PROBLEM
Please transcribe only the lines between the one containing "- Kraft kutu" and the end of the records, both ends included, exactly as written; skip every picture.

DATASET RECORDS
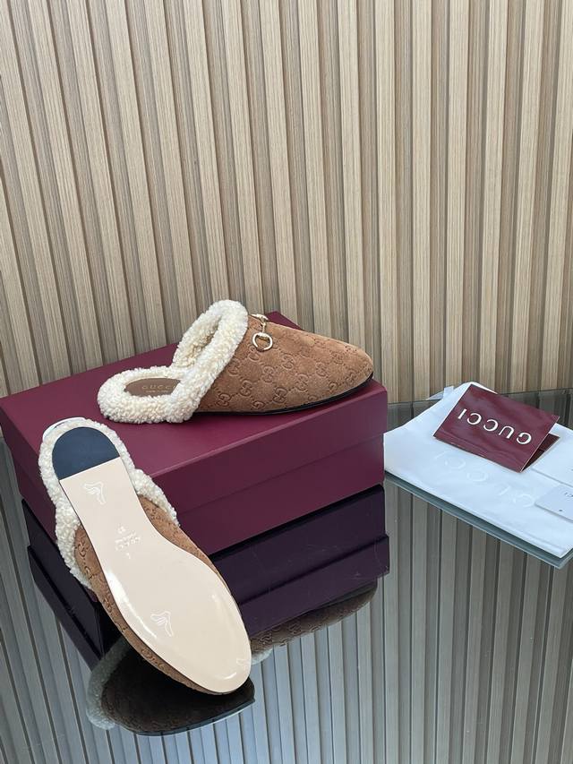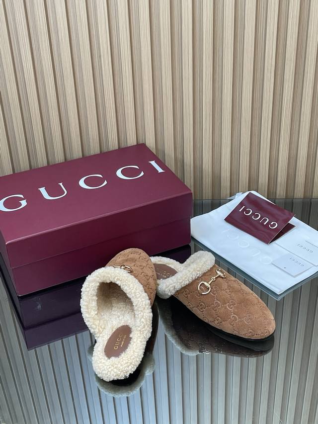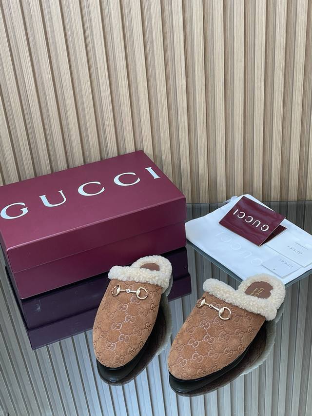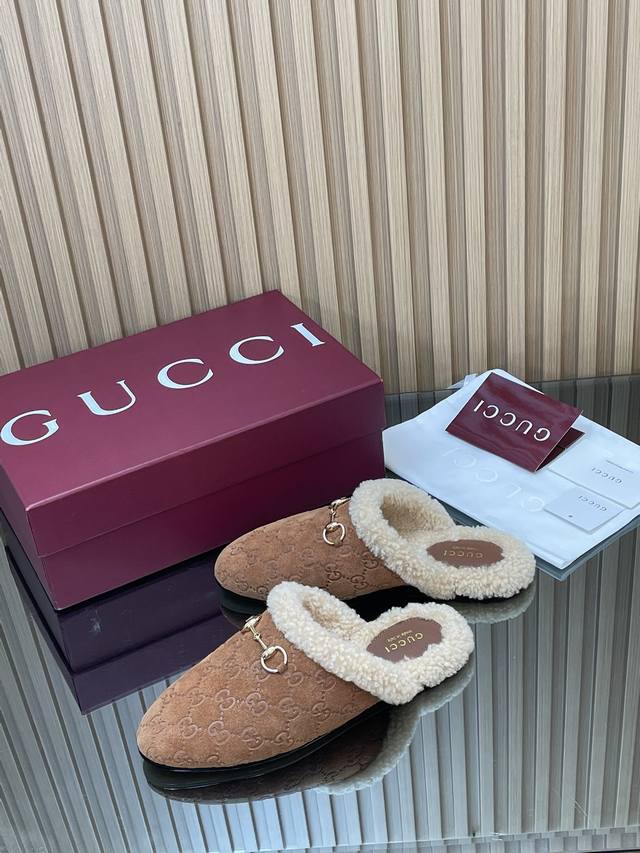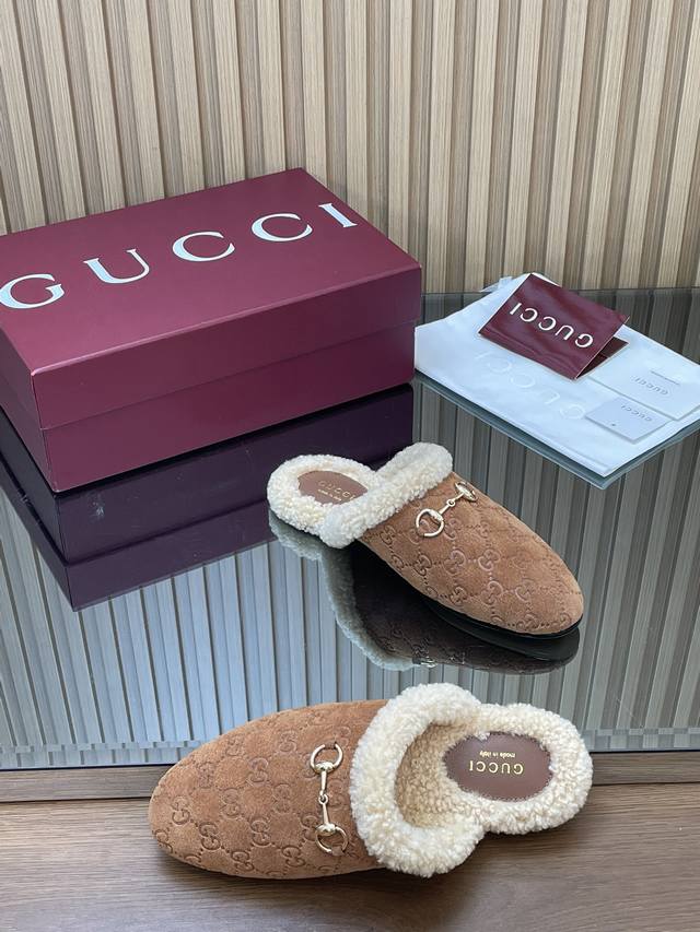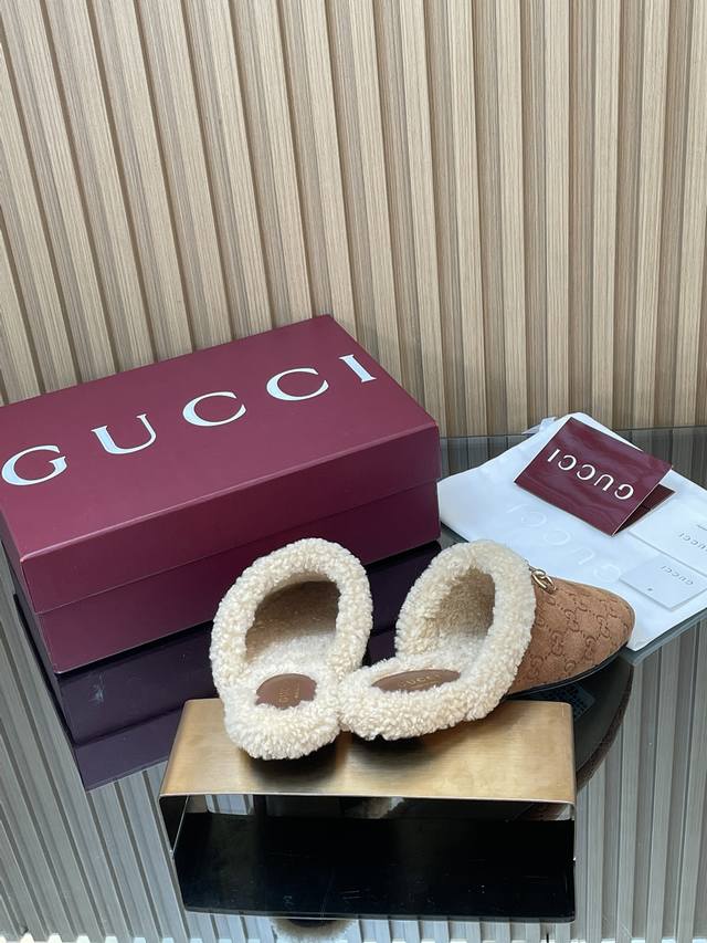 2025秋冬系列新品古奇迷你双G G毛毛鞋美利奴羊毛拖 新品穆勒毛拖 代购级别老钱风休闲松驰懒人毛拖 DDD Gucci 高版本毛拖 原版1:1复刻开发原版一致进口磨砂绒面鹿皮版型1:1复制,顶级品质 DDD 面料:进口G G压纹磨沙鹿皮 DDD 内里 垫脚:牛皮100% 进口美利奴羊毛 DDD 大底:意大利真皮底 DDD 扣饰:浅金马街扣 DDD 包装:全套安可拉酒红包装 DDD 尺码:35-42 404142定制,不退换 DDD 这款经典穆勒鞋透过Gucci 美学视觉焕新演绎。柔软加衬鞋面与经典廊形相
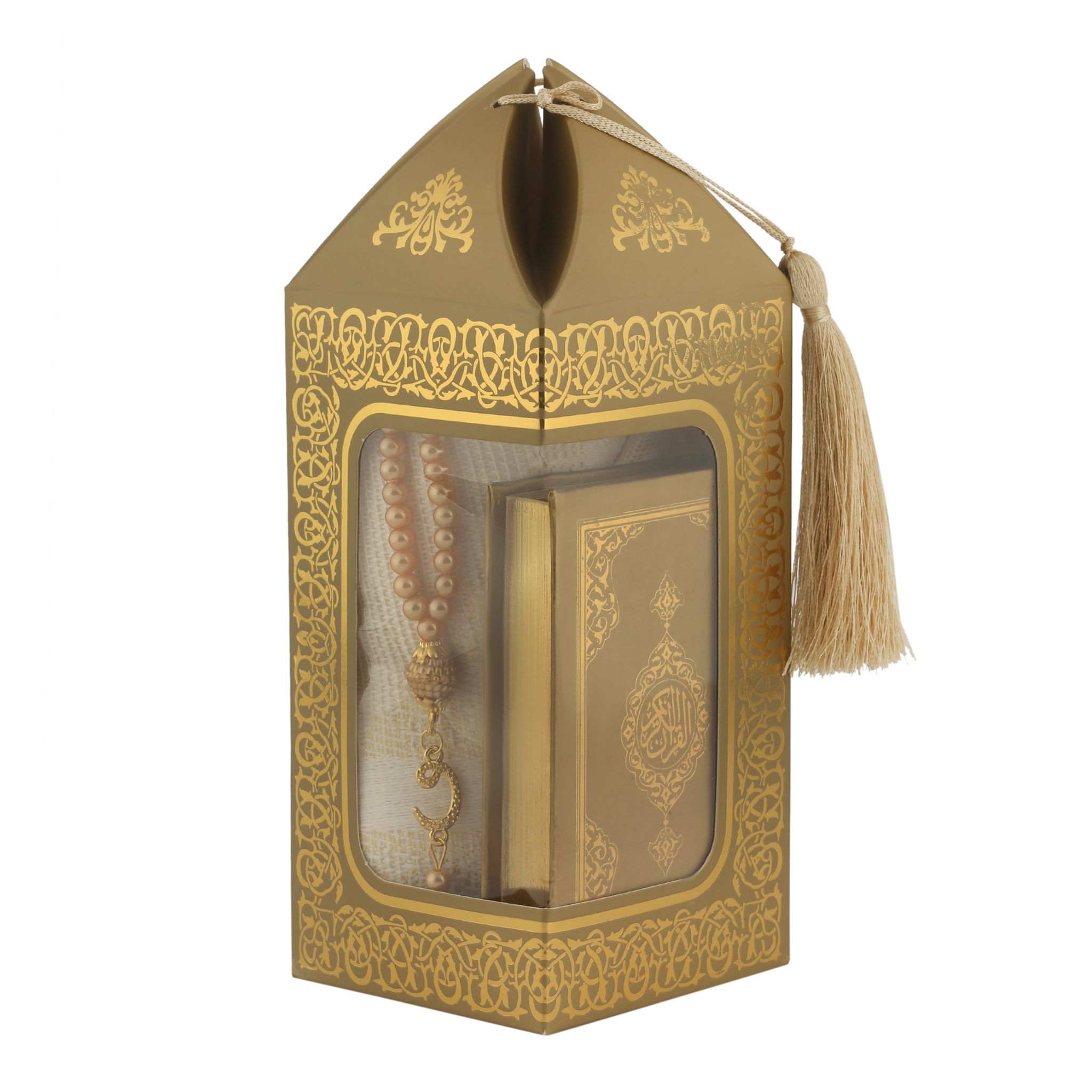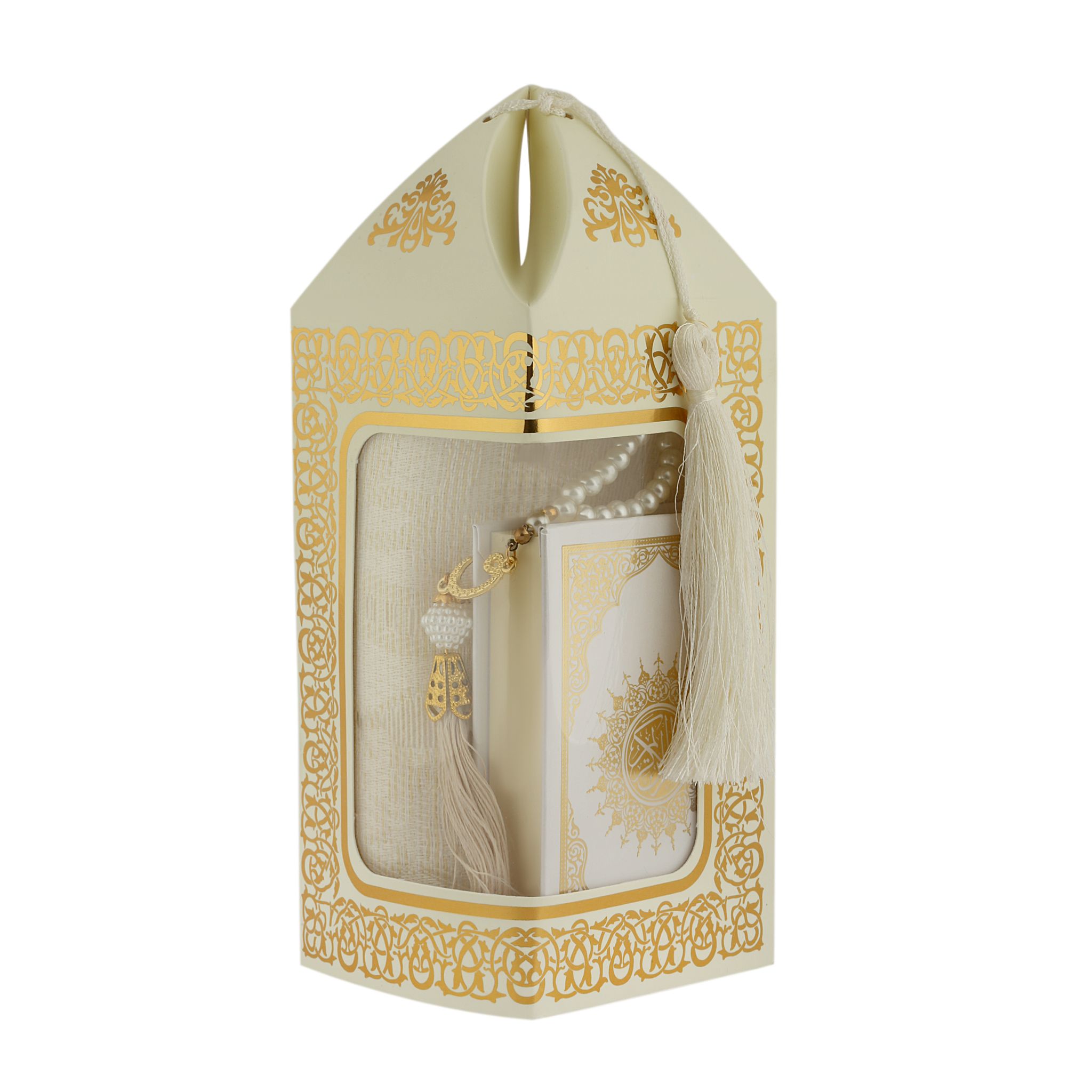 - Kraft kutu içerisinde 99'luk 6 mm Vavlı İnci Tesbih, 70x110 Tafta Seccade ve 8x12 Cm Cep Boy Kuran-ı Kerim ile beraber sunulur.
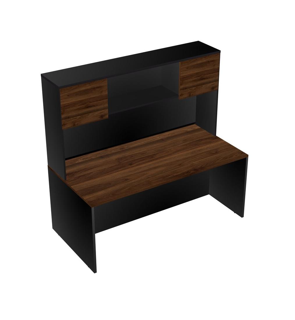 Columbia Walnut Rectangular Office Desk And Black Hutch
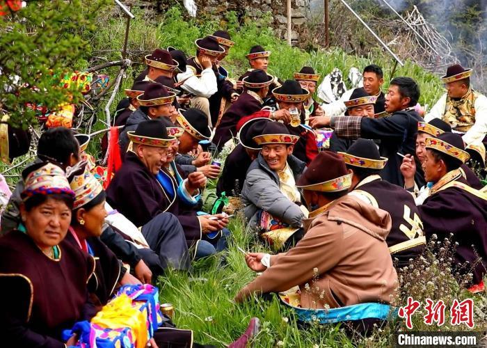 米林村處處生機(jī)盎然,有盛開(kāi)的桃花、油菜花、綠色的麥田,山林間不時(shí)傳來(lái)的鳥(niǎo)鳴聲,似乎都是在一起祈禱今年的豐收。村民們身上還背有經(jīng)文,圍繞全村田園轉(zhuǎn)上一圈,轉(zhuǎn)到每一塊農(nóng)田前都要煨桑祈福豐收,舉行祭祀活動(dòng)。祭祀活動(dòng)后,能歌善舞的婦女們總是要高歌起舞,以此來(lái)表達(dá)自己喜悅的心情。
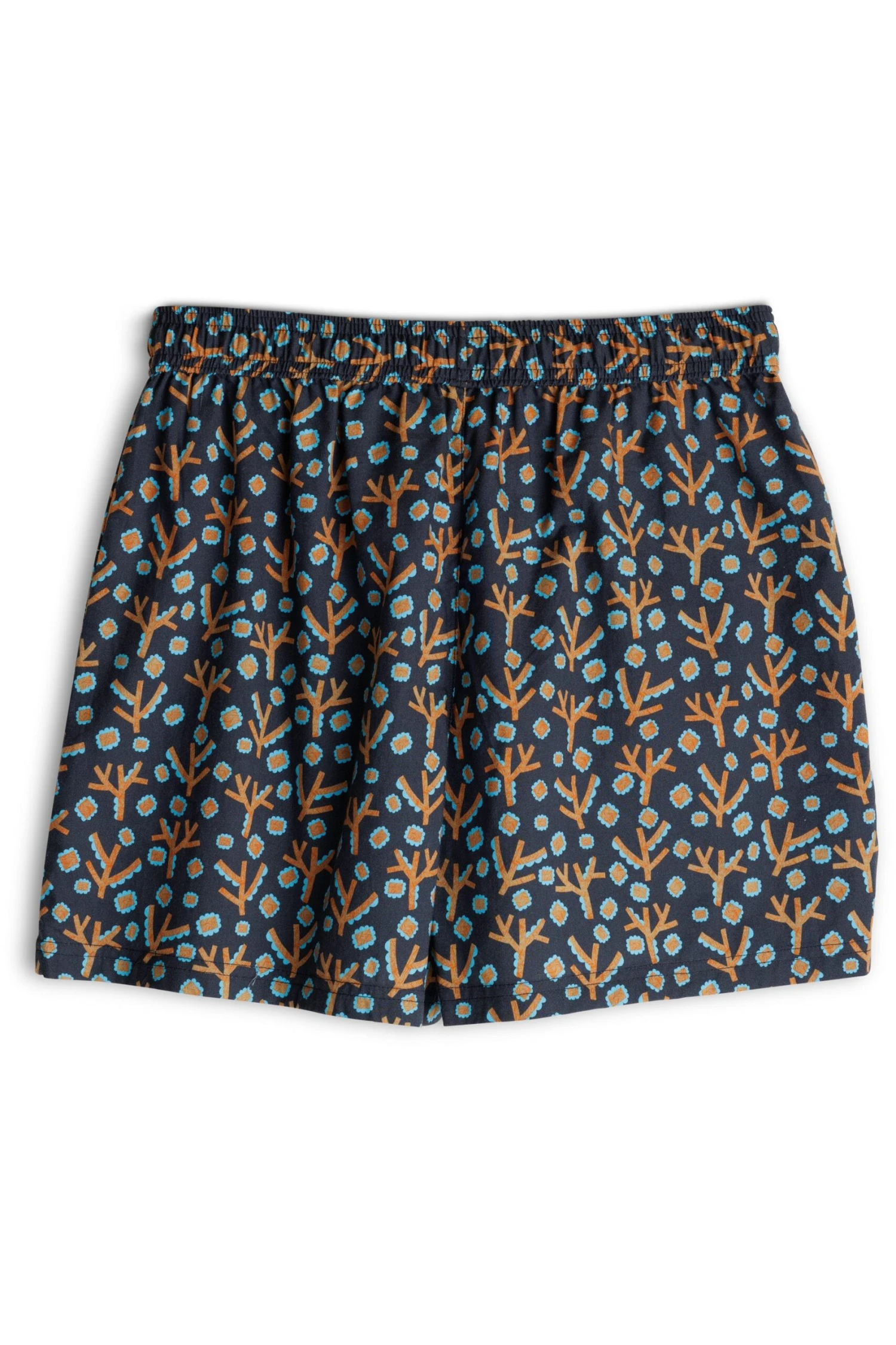 Relaxed fit mid-rise short, elastic waistband with drawstring, front pockets.
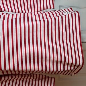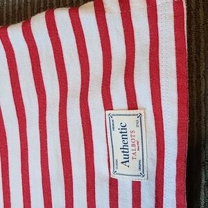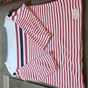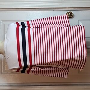 3/4 Length Sleeves, Boat Neckline, Loose Fit Body, White With Red and Blue Stripes, Signature Patch on Hemline, Size Medium.
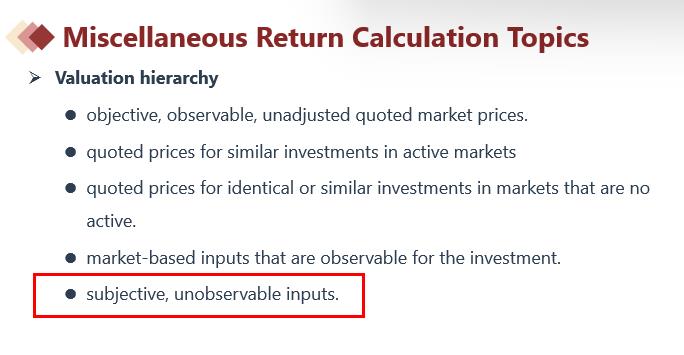 subjective, unobservable inputs是排在最后的,见下图讲义。
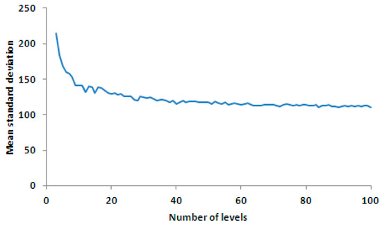 Mean value curve of the standard deviation of the corrected results for each line for various numbers of radiance level. The horizontal axis is the number of levels, and the vertical axis is the precision of correction result (mean standard deviation).
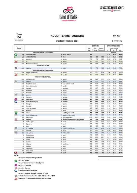 In allegato la Cronotabella dei passaggi della 4^tappa del Giro d’Italia

ANSWER TO THIS EXERCISE
 - Kraft kutu içerisinde 99'luk 6 mm Vavlı İnci Tesbih, 70x110 Tafta Seccade ve 8x12 Cm Cep Boy Kuran-ı Kerim ile beraber sunulur.
 Columbia Walnut Rectangular Office Desk And Black Hutch
 米林村處處生機(jī)盎然,有盛開(kāi)的桃花、油菜花、綠色的麥田,山林間不時(shí)傳來(lái)的鳥(niǎo)鳴聲,似乎都是在一起祈禱今年的豐收。村民們身上還背有經(jīng)文,圍繞全村田園轉(zhuǎn)上一圈,轉(zhuǎn)到每一塊農(nóng)田前都要煨桑祈福豐收,舉行祭祀活動(dòng)。祭祀活動(dòng)后,能歌善舞的婦女們總是要高歌起舞,以此來(lái)表達(dá)自己喜悅的心情。
 Relaxed fit mid-rise short, elastic waistband with drawstring, front pockets.
 3/4 Length Sleeves, Boat Neckline, Loose Fit Body, White With Red and Blue Stripes, Signature Patch on Hemline, Size Medium.
 subjective, unobservable inputs是排在最后的,见下图讲义。
 Mean value curve of the standard deviation of the corrected results for each line for various numbers of radiance level. The horizontal axis is the number of levels, and the vertical axis is the precision of correction result (mean standard deviation).
 In allegato la Cronotabella dei passaggi della 4^tappa del Giro d’Italia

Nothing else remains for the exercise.